Dr Mark Prince launches Champions' Club on Kiyan Prince anniversary
Dr Mark Prince launched the Champions' Club campaign on the 20th anniversary of Kiyan Prince's death and said youth club closures are a scandal. He said the effort is aimed at giving young people more support at a time when he believes too much money is going into punishment instead of help.
Prince said, "Youth clubs play a huge role in building a winning mentality for young people but the number of them has declined rapidly in the past 15 years and that's a scandal," and added that the campaign is calling for more investment into youth services. The foundation also wants youth workers put on the same level as teachers.
Kiyan Prince Foundation
The Kiyan Prince Foundation said Champions' Club is designed to sit down with young people, find out what's going on, get to the heart of the matter and support them.

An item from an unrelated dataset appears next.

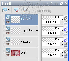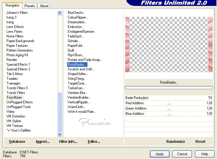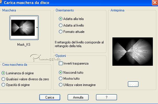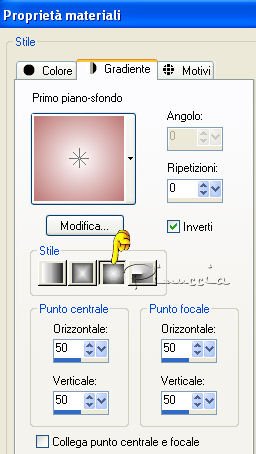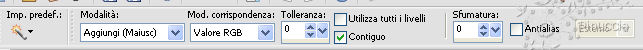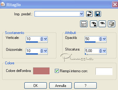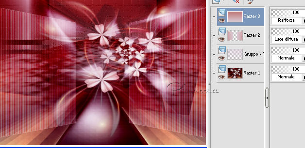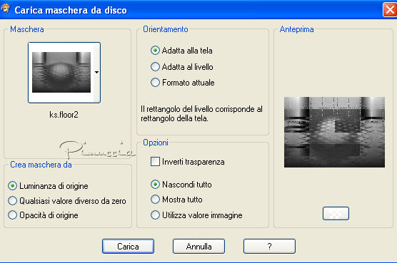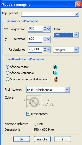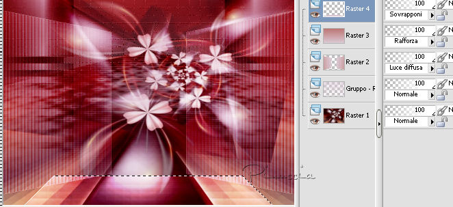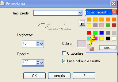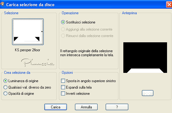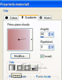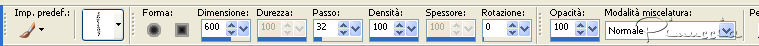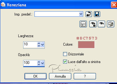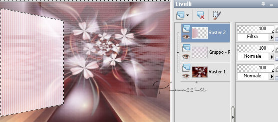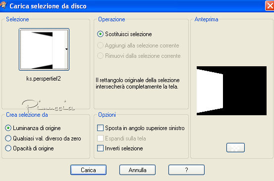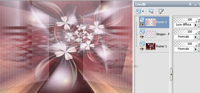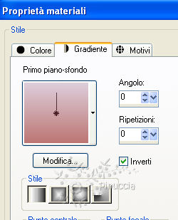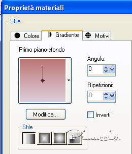 qui puoi trovare qualche risposta ai tuoi dubbi. Se l'argomento che ti interessa non è presente, ti prego di segnalarmelo. Questo tutorial è stato scritto con PSP X2, ma può essere eseguito anche con le altre versioni di PSP. Per tradurlo, ho usato PSP X. Occorrente: Materiale qui Rispetta il lavoro degli autori e mantieni i tubes al loro stato originale. Filtri: Alien Skin Eye Candy 5 Impact qui Filters Unlimited 2.0 qui Two Moon qui I filtri Two Moon si possono usare sia da soli, che importandoli in Filters Unlimited Metti le selezioni ks.perspectief2 e ks.persper_2floor nella cartella Selezioni. Metti le maschere Mask_KS e ks.floor2 nella cartella Maschere, Metti i preset KS.flower1 e ks.magic-spell nella cartella del filtro Alien Skin Eye Candy 5 Impact>Settings>Shadow. Se preferisci, puoi importarli, quando ti serviranno, direttamente dalla cartella in cui hai scompattato il materiale. Vedi la scheda del filtro qui e come importare un preset in Eye Candy qui Metti i pennelli DreamBrushes3_12, floral.vertical2 e bsilvia_gbg_foliage01_9_v7_2 nella cartella Pennelli. Se hai problemi con i pennelli vedi alcuni appunti qui 1. Apri una nuova immagine trasparente 850 x 600 pixels. ![]() Selezione>Seleziona tutto. 2. Apri l'immagine "Memories" e vai a Modifica>Copia. Torna al tuo lavoro e vai a Modifica>Incolla nella selezione. Selezione>Deseleziona. 3. Livelli>Nuovo livello raster. Imposta il colore di primo piano con #ddceda, e riempi il livello con questo colore.4. Livelli>Carica/Salva maschera>Carica maschera da disco. Cerca e carica la maschera ks.floor2. ![]() Livelli>Unisci>Unisci gruppo. 5. Selezione>Carica/Salva selezione>Carica selezione da disco. Cerca e carica la selezione ks.perspectief2. ![]() Il colore di primo piano è impostato con #ddceda. Imposta il colore di sfondo con #bc7573. Passa il colore di primo piano a Gradiente. ![]() Livelli>Nuovo livello raster. Riempi la selezione con il gradiente.7. Effetti>Effetti di trama>Veneziana, con il colore di primo piano. ![]() Cambia la modalità di miscelatura di questo livello in Filtra. ![]() Effetti>Effetti di bordo>Aumenta. 8. Selezione>Deseleziona. Livelli>Duplica. Immagine>Rifletti. Livelli>Unisci>Unisci giù. Cambia la modalità di miscelatura di questo livello in Luce diffusa. ![]() 9. Livelli>Nuovo livello raster. Cambia i settaggi del gradiente. ![]() Riempi il nuovo livello con questo gradiente.Cambia la modalità di miscelatura di questo livello in Rafforza. ![]() 10. Livelli>Nuovo livello raster. Selezione>Carica/Salva selezione>Carica selezione da disco. Cerca e carica la selezione ks.persper_2floor. ![]() Cambia i settaggi del gradiente selezionando Inverti. ![]() Riempi la selezione con questo gradiente.Effetti>Effetti di trama>Veneziana. ![]() Cambia la modalità di miscelatura di questo livello in Sovrapponi. ![]() Selezione>Deseleziona. 11. Imposta il colore di primo piano con #bc7573, e il colore di sfondo con il bianco. Passa il colore di primo piano a Gradiente. ![]() 12. Livelli>Nuovo livello raster. Riempi il nuovo livello con il gradiente.Livelli>Carica/Salva maschera>Carica maschera da disco. Cerca e carica la maschera mask_ks. ![]() Livelli>Unisci>Unisci gruppo. Effetti>Effetti 3D>Ritaglio, con il colore #bc7573. ![]() 13. Livelli>Unisci>Unisci tutto. Livelli>Nuovo livello raster. Imposta nuovamente il colore di primo piano con #ddceda. Attiva lo strumento pennello ![]() cerca e seleziona il pennello floral verticaal 2, e applicalo due volte a sinistra cliccando con il tasto sinistro del mouse per usare il colore di primo piano. ![]() 14. Livelli>Duplica. Immagine>Rifletti. Immagine>Ridimensiona, all'80%, tutti i livelli non selezionato. 15. Sposta questo pennello in basso a destra.![]() Livelli>Unisci>Unisci giù. Livelli>Duplica. se il tuo PSP non supporta pennelli superiori a 500 pixels, apri il pennello in PSP. Immagine>Ridimensiona - a 500 pixels (in questo caso 500 pixels di altezza). File>Esporta>Pennello personalizzato, assegna un nome al pennello e ok. 16. Livelli>Nuovo livello raster. Cerca e seleziona il pennello dreambruche3 e applicalo cliccando una volta in basso a sinistra, sempre con il tasto sinistro del mouse per usare il colore di primo piano. ![]() Livelli>Duplica. Immagine>Rifletti. Livelli>Unisci>Unisci giù. anche questo pennello supera i 500 pixels (questa volta in larghezza). Se il tuo PSP non supporta pennelli superiori a 500 pixels, usa il procedimento indicato al punto precedente. Effetti>Plugins>Alien Skin Eye Candy 5 Impact - Perspective Shadow: seleziona il preset ks.flower1 e ok. ![]() Cambia la modalità di miscelatura di questo livello in Rafforza. ![]() Livelli>Disponi>Sposta giù. Livelli>Unisci>Unisci tutto. 19. Apri il tube kittys-rosedresslady e vai a Modifica>Copia. Torna al tuo lavoro e vai a Modifica>Incolla come nuovo livello. Immagine>Ridimensiona, al 70%, tutti i livelli non selezionato. Spostalo in basso al centro, come nel mio esempio.20. Effetti>Plugins>Alien Skin Eye Candy 5 Impact - Perspective Shadow seleziona il preset ks.magic-spell e ok. ![]() Immagine>Aggiungi bordatura, simmetriche non selezionato, con il colore di primo piano. ![]() 22. Seleziona il bordo rosa con la bacchetta magica ![]() ![]() Livelli>Nuovo livello raster. Il colore di primo è impostato con #ddceda. Imposta nuovamente il colore di sfondo con #bc7573. Passa il colore di primo piano a Gradiente, come al punto 9, inverti selezionato. ![]() Riempi il nuovo livello con questo gradiente.23. Effetti>Effetti di trama>Veneziana, con il colore di sfondo #bc7573. ![]() Selezione>Deseleziona. 24. Effetti>Plugins>Two Moon - RotoBlades. ![]() Effetti>Effetti di bordo>Erodi. 25. Livelli>Nuovo livello raster. Imposta il colore di primo piano con #a53a49. Attiva lo strumento Pennello ![]() cerca e seleziona il pennello bsilvia_gbg_foliage 01. ![]() Applica il pennello a sinistra, cliccando due volte con il tasto sinistro del mouse per usare il colore di primo piano. anche questo pennello supe

Prince said the campaign also aims to create a space carrying Kiyan's name that helps young people feel like winners again.
He tied that push to his son's story. Kiyan Prince was a 15-year-old footballer for Queens Park Rangers' youth team when he was stabbed to death outside his school in May 2006 after intervening in a mock fight outside the London Academy in Edgware, north-west London.
Mark Prince and Eddie Nestor
In an interview with Radio London's Eddie Nestor, Prince challenged the way schools respond to struggling pupils. He asked, "How are pupil referral units at schools different than the prison system?" and said, "You have a child that isn't abiding by the rules, so you put him in isolation."
He said, "You have a prisoner who's not doing right in the prison, so what do you do? Put him in isolation," and added, "[Whether it's] isolation or detention, you're wasting your time. You're better off building a relationship with that child." He also said, "Too much money is being spent on punishment instead of helping those who are hurting."
The government said it was fighting to stop dangerous knives destroying young lives. Prince's campaign puts the next step on services that meet young people earlier, with his foundation pressing for more support and a named space of its own rather than another round of punishment-led responses.